Teoh Kevin, Singh Jasmeet, Medisauskaite Asta, Hassard Juliet
Department of Organizational Psychology, Birkbeck University of London, London, UK
Psychology Department, Nottingham Trent University, Nottingham, UK.
Occup Environ Med. 2023 Feb;80(2):61-69. doi: 10.1136/oemed-2022-108486. Epub 2023 Jan 12.
Studies have demonstrated an association between doctors' perceived working conditions, and their psychological well-being and patient care. However, few have examined inter-relationships among these three domains, and even fewer using longitudinal designs. Using meta-analytical structural equation modelling, we tested longitudinal relationships among doctors' perceived working conditions, their psychological well-being and patient care. We further tested if doctors' psychological well-being mediates the relationship between perceived working conditions and patient care.
We carried out a systematic review using Academic Search Premier, Business Source Premier, PsycInfo, PsycArticles and Medline for the 20-year period between January 2000 and the start of the pandemic (January 2020). We included studies with practising doctors as participants, and that reported a quantifiable bivariate effect size between at least two of the three constructs of interest-perceived working conditions (ie, job demands, job resource), psychological well-being (ie, emotional exhaustion, work engagement) and patient care (ie, clinical care, patient safety). We pooled relationship effect sizes using random-effects meta-analysis, before testing for indirect effects using two-stage structural equation modelling.
Twenty-three samples from 11 countries representing 7275 doctors were meta-analysed. The results indicated that job resources predicted work engagement (ρ=0.18; 95% CI 0.11 to 0.24) and emotional exhaustion (ρ=-0.21; 95% CI -0.31 to -0.11), while job demands predicted emotional exhaustion (ρ=0.27; 95% CI 0.17 to 0.36). Better clinical care was also associated with higher levels of job resources (ρ=0.16; 95% CI 0.04 to 0.29), and lower levels of emotional exhaustion (ρ=-0.21; 95% CI -0.37 to -0.12) and job demands (ρ=-0.27; 95% CI -0.43 to -0.10). Both factors of the work environment were associated with clinical care through doctors' emotional exhaustion, but there were insufficient studies to test the indirect effects for work engagement or patient safety.
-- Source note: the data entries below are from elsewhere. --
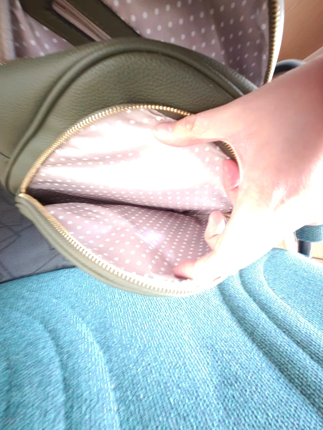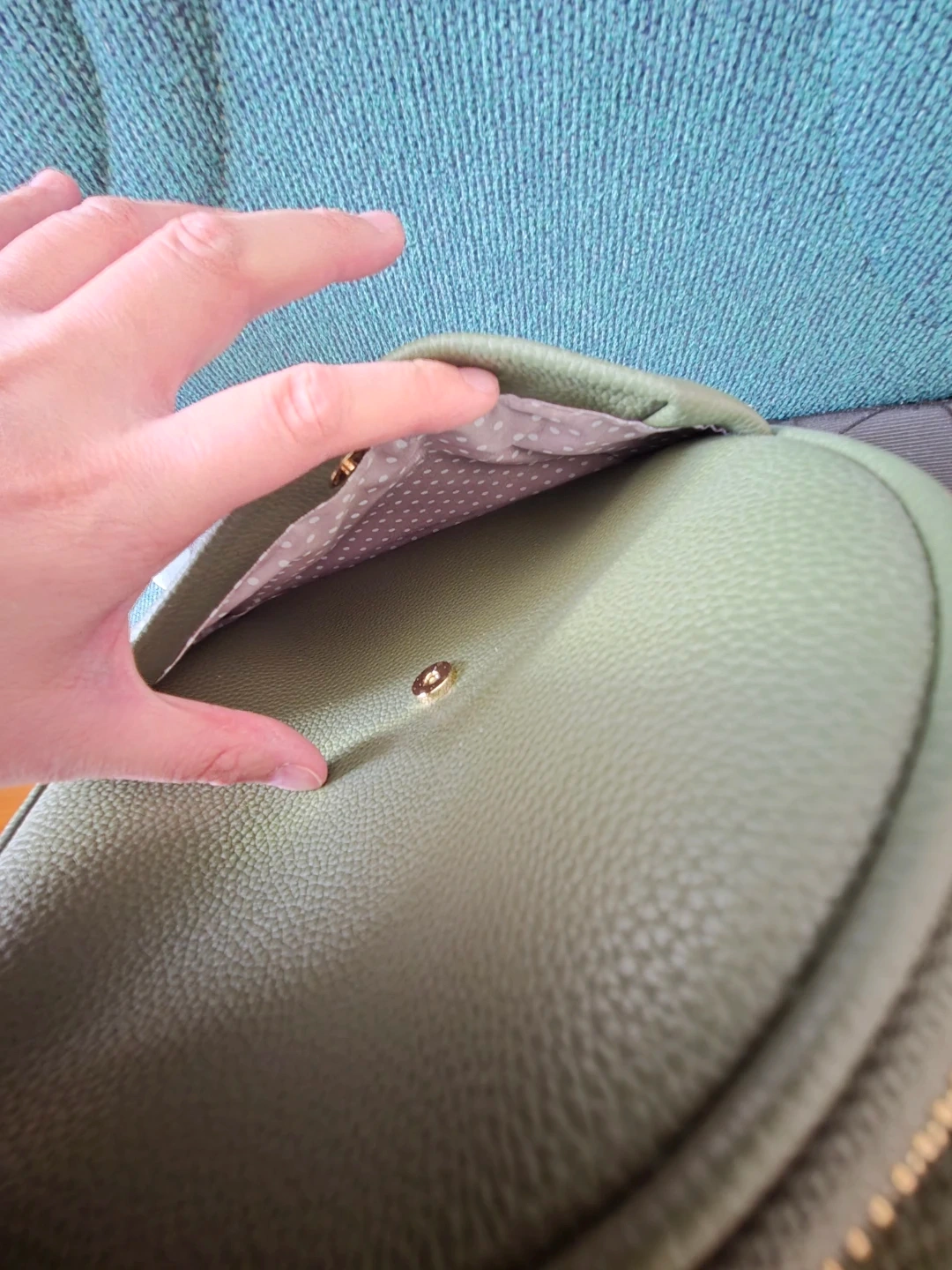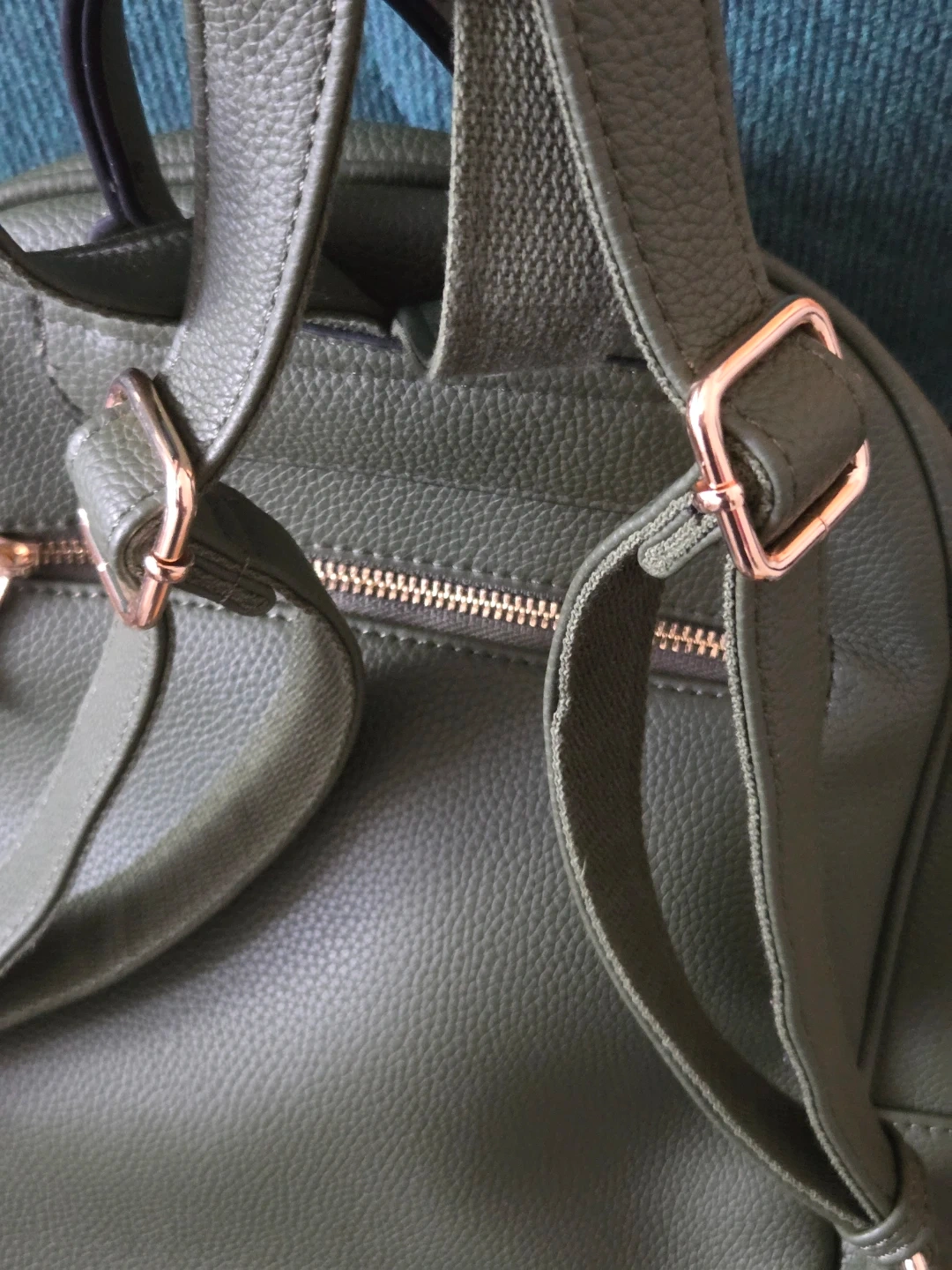 This mini backpack is made of green faux leather and features gold-tone zippers. It has a main zippered compartment with interior pockets and a front zippered pocket. It's a stylish and practical accessory for everyday use!
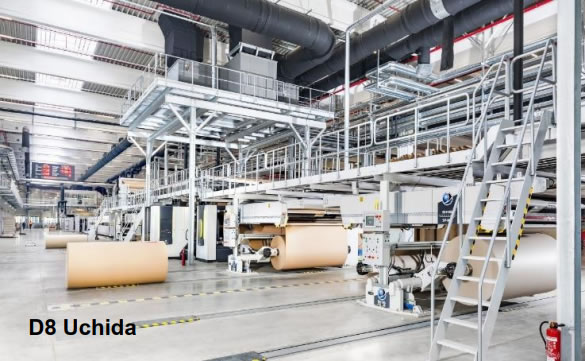 A Onduladeira UCHIDA D8 , com aproximadamente 135 metros de comprimento, largura de 1,60m atingindo 120m/min. composta de corrugados em onda “B”,
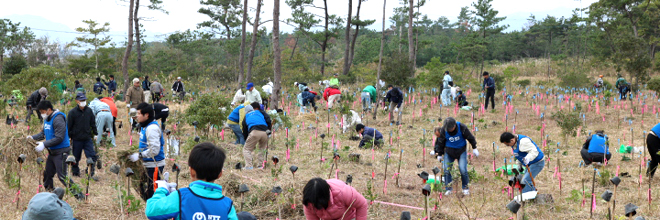 Midori Ippai Project Activities LINE 264Participation in 12th "Forestation with Water and Greenery" Prefectural Resident Volunteer Activity November 25, 2017 NTT West Miyazaki Group
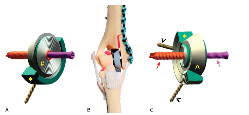 - Primary fixation with large transcondylar screw and 2 smaller ulnar screws
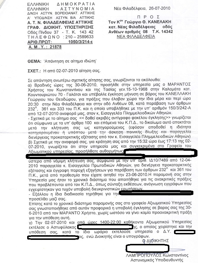 2-7-2010 ημέρα Παρασκευή όταν κλητεύτηκα από το Α/Τ Ν. Φιλ/φειας για να παραδώσω κατάθεση για μήνυση που για πολλοστή φορά μου είχε είχε καταθέσει ο Χρήστος Μάραντος, οικονομικός διευθυντής της Attica bank και μεταγενέστερα Γενικός διευθυντής οικονομικών υπηρεσιών της Attica bank.
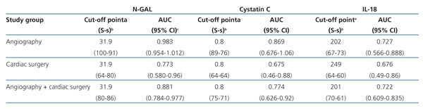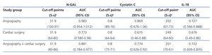 Table 4. Diagnostic capacity of the markers analysed for the detection of acute kidney injury in the different study groups
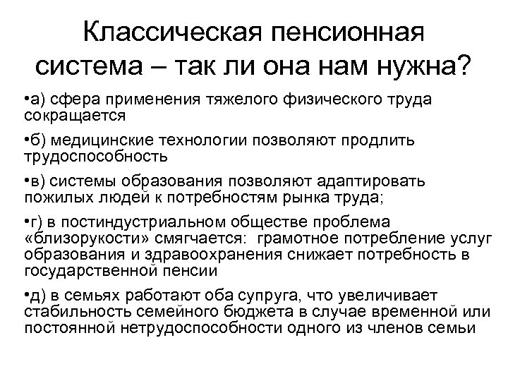 Классическая пенсионная система – так ли она нам нужна? • а) сфера применения тяжелого физического труда сокращается • б) медицинские технологии позволяют продлить трудоспособность • в) системы образования позволяют адаптировать пожилых людей к потребностям рынка труда; • г) в постиндустриальном обществе проблема «близорукости» смягчается: грамотное потребление услуг образования и здравоохранения снижает потребность в государственной пенсии • д) в семьях работают оба супруга, что увеличивает стабильность семейного бюджета в случае временной или постоянной нетрудоспособности одного из членов семьи
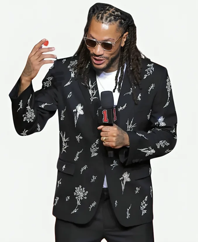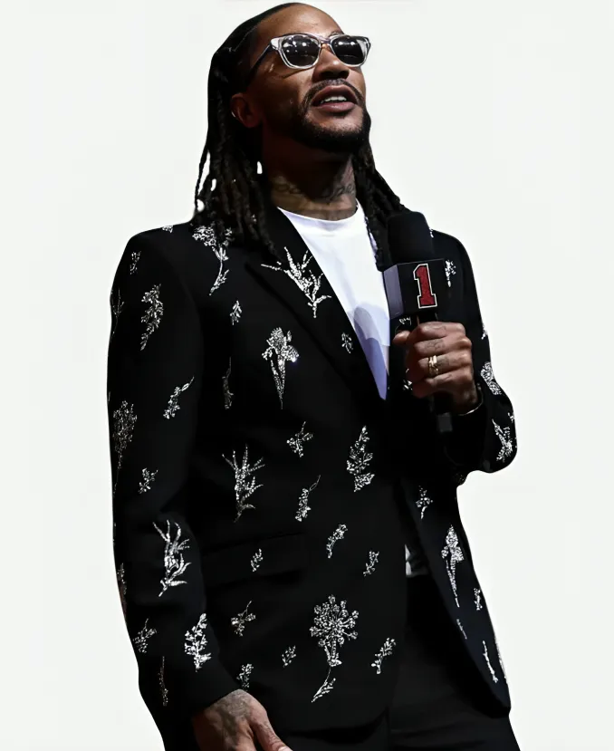 Retirement Ceremony 2026 Derrick Rose Black Embroidered Blazer
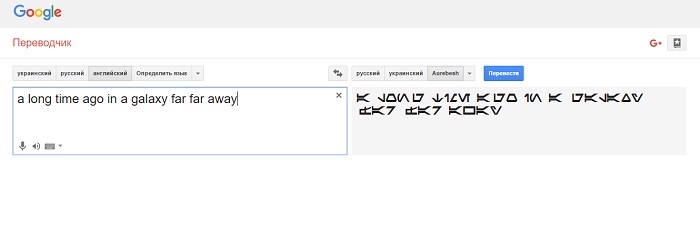 In  Google Translate is now available language alphabet Aurebesh (Aurebesh).  It is used as a universal language in the universe of "Star Wars."  The name is derived from the first letters - "aurek» (Aurek) and "Besh» (Besh).
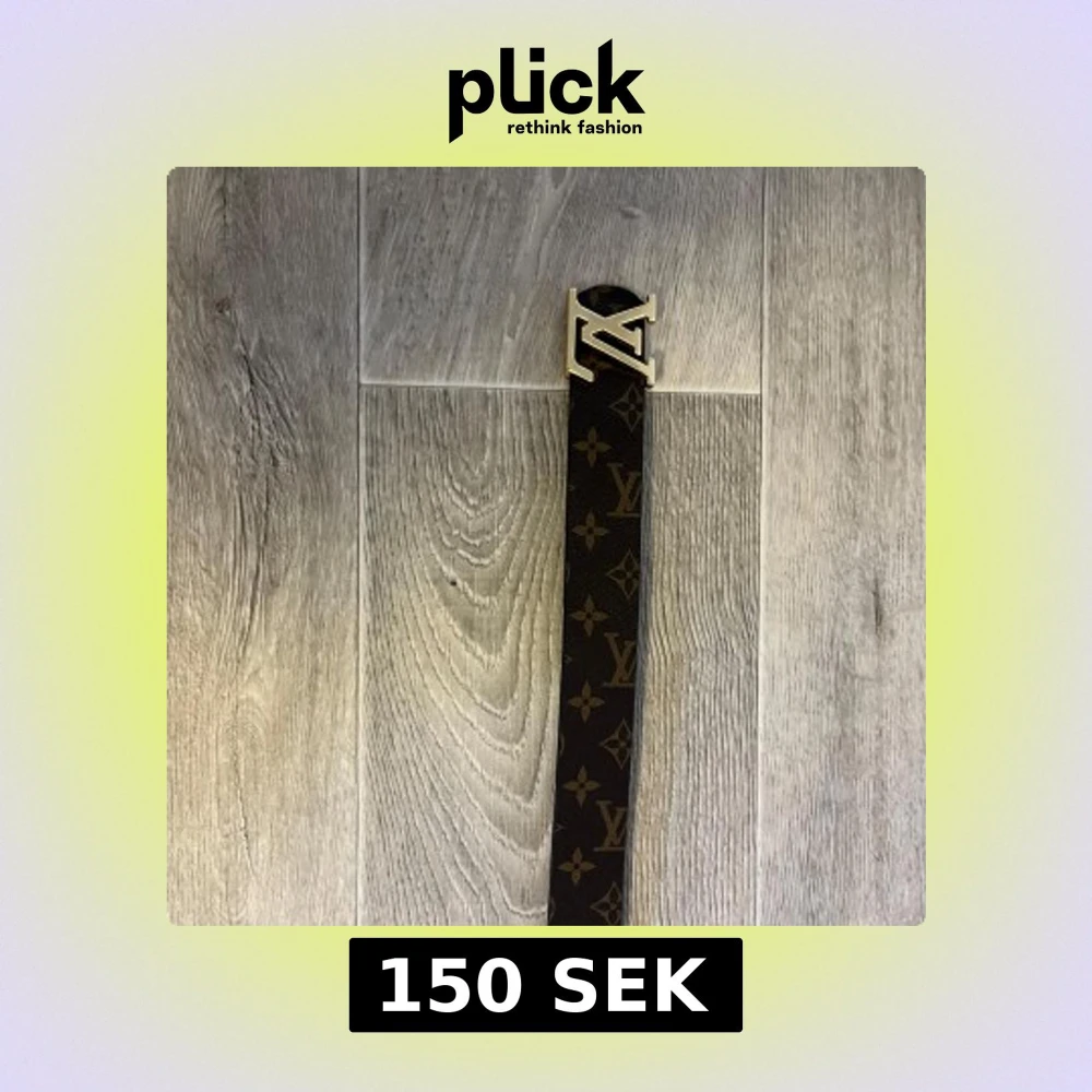 Säljer ett brunt bälte med klassiskt monogrammönster och ett stort Bältet har en stilren design och är tillverkat i skinn med tydliga logodetaljer längs hela remmen.

Our results demonstrate the need for a systems perspective to address working conditions to support both doctors' psychological well-being and patient care. Interventions should target doctors' job resources as they are more strongly associated with psychological well-being. However, given that job demands were strongly associated with emotional exhaustion, and in turn, clinical care, there is a need to better manage doctors' workload, conflict and pressure to support the current psychological well-being crises among this occupational group.
CRD42020189070.
研究表明医生感知到的工作条件与他们的心理健康及患者护理之间存在关联。然而,很少有研究考察这三个领域之间的相互关系,采用纵向设计的研究更少。我们使用元分析结构方程模型,测试了医生感知到的工作条件、心理健康和患者护理之间的纵向关系。我们还进一步测试了医生的心理健康是否在感知到的工作条件与患者护理之间的关系中起中介作用。
我们在2000年1月至疫情开始(2020年1月)的20年期间,使用学术搜索高级版、商业资源高级版、心理学文摘数据库、心理学全文数据库和医学期刊数据库进行了系统综述。我们纳入了以执业医生为参与者的研究,这些研究报告了在感兴趣的三个构念中的至少两个之间可量化的双变量效应量,这三个构念分别是感知到的工作条件(即工作需求、工作资源)、心理健康(即情感耗竭、工作投入)和患者护理(即临床护理、患者安全)。在使用两阶段结构方程模型测试间接效应之前,我们使用随机效应元分析汇总关系效应量。
对来自11个国家的23个样本(代表7275名医生)进行了元分析。结果表明,工作资源可预测工作投入(ρ = 0.18;95%置信区间0.11至0.24)和情感耗竭(ρ = -0.21;95%置信区间 -0.31至 -0.11),而工作需求可预测情感耗竭(ρ = 0.27;95%置信区间0.17至0.36)。更好的临床护理也与更高水平的工作资源(ρ = 0.16;95%置信区间0.04至0.29)、更低水平的情感耗竭(ρ = -0.21;95%置信区间 -0.37至 -0.12)和工作需求(ρ = -0.27;95%置信区间 -0.43至 -0.10)相关。工作环境的这两个因素都通过医生的情感耗竭与临床护理相关,但没有足够的研究来测试工作投入或患者安全的间接效应。
我们的结果表明,需要从系统角度来解决工作条件问题,以支持医生的心理健康和患者护理。干预措施应针对医生的工作资源,因为它们与心理健康的关联更强。然而,鉴于工作需求与情感耗竭密切相关,进而与临床护理相关,有必要更好地管理医生的工作量、冲突和压力,以应对这一职业群体当前的心理健康危机。
PROSPERO注册号:CRD42020189070。